PROBLEM REQUIREMENTS. Nothing may be left out of the listing below but its images; repeat the rest exactly.

DATA SEGMENT.
- Opening Delimiter -
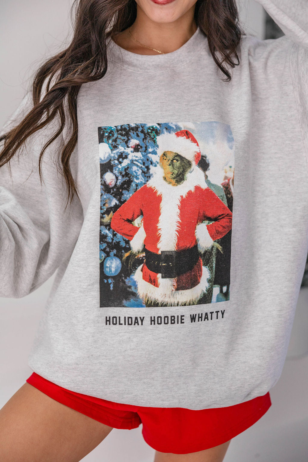 Celebrate the season with a little Grinchy mischief. This ash grey crewneck features the Grinch dressed as Santa with “Holiday Hoobie Whatty” across the front - a best seller year after year after year.
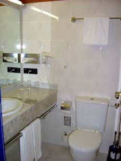 Bad im Zimmer 302 mit Badewanne/Dusche, Föhn, kein Kosmetikspiegel vorhanden!!
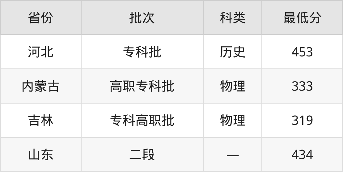 湖南交通职业技术学院道路与桥梁工程技术专业录取分数线从319分到453分不等,最低分数线如下:
- Closing Delimiter -
RESPONSE TO THIS EXERCISE.
 Celebrate the season with a little Grinchy mischief. This ash grey crewneck features the Grinch dressed as Santa with “Holiday Hoobie Whatty” across the front - a best seller year after year after year.
 Bad im Zimmer 302 mit Badewanne/Dusche, Föhn, kein Kosmetikspiegel vorhanden!!
 湖南交通职业技术学院道路与桥梁工程技术专业录取分数线从319分到453分不等,最低分数线如下:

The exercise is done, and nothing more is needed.